I’m at Bernie Dodge’s presentation on the webquest
tool Questgarden. He’s addressing the problems with the original webquest tools (hand coding), too much skill required, and the need for resources that teachers don’t have. He’s addressing the pedagogical skills that teachers don’t have (constructivism, higher level thinking, coherence). Some of the other problems include lack of peer support or feedback and server storage. Webquests also tend to be never updated. Teachers also are scared by the time demands. Also there are excellent teachers who will never make a webquest.
On to Questgarden, uses a metaphor of a community garden for everyone to share information and resources. He debuted the tool in 2005 and opened it to everyone in September. It started with 300 users and now has about 29,000 users. There about 14,000 webquests that have over 500 words.
The features of Questgarden include step by step prompting, and it is browser based (preferably Firefox). It emphasizes the sharing of resources and advice. It is a WYSIWYG tool. Has the ability to upload pictures and supplementary files. Based on design patterns.
Dodge is going on the demonstrate the tool. webquest.org There are five stages to creating a webquest.
1. goals and context
2. task and assessment
4. final details
5. polish and publish
There are many tools to assist in creating webquests maybe most importantly there are links to many examples that have been already created with the same pattern or basic design as the user has chosen, and there is even a chat room for real time interaction with other teachers.

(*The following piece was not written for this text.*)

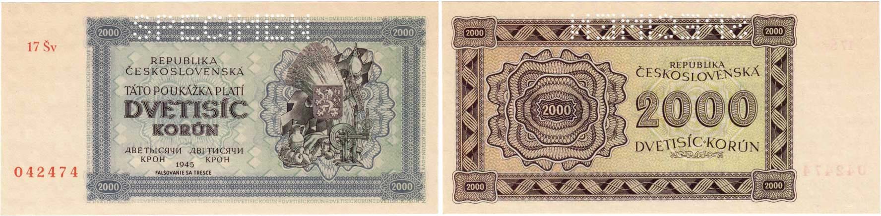 2000 Koruna 1945, série 14Op, BHK.69bC "SPECIMEN"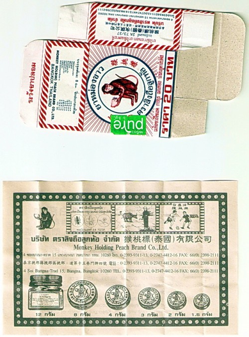 Monkey Holding Peach Brand Co., Ltd., or alternatively, White Monkey Holding Peach Brand, are the manufacturers of the original “Tiger Balm” type ointment. This is the OG shit right here. They deserve your respect just for having the coolest brand and company name… If I ever have the chance to work with them, I’ll do it just so I can write it on my CV.

He is now showing some examples of finished webquests. The overall design is fairly straight forward and easily navigable for students. Several examples are making students move away from the computer and go out into the community to achieve some positive ends usually with an environmental or political problem. Another area of webquests incorporates TV themes (CSI Macbeth). Lastly he’s showing an example in which the Great Gatsby is incorporating a wiki to have the students collaboratively great a guide to studying the book. Some webquests are now also incorporating podcasts.
He was surprised with the extent in which there are kid created webquests. So far however they have not been successful.
Ultimately all good webquests in looking at Blooms taxonomy use the higher level thinking skills. The tool will be free until September 2006.
The new future features will include the ability to port the webquest to another server. Sites will be translated into other languages. Also there will be a peer rating and feedback. Integrated quiz/drill/game experiences. Also the ability to download someone elses’s Webquest into one’s server and the ability to tweak it to meet one’s needs. Also the two main sites webquest.org and webquest.edsu.edu will be merged into Drupal. RSS feeds for newly uploaded webquests. Lastly new design patterns will incorporate Web 2.0 tools including blogs, wikis, and podcasting to guide the user to use the tools in a way that makes sense. He will also for the next revision (after September 2006) incorporate new or recent tools including timelines, concept maps, and surveys.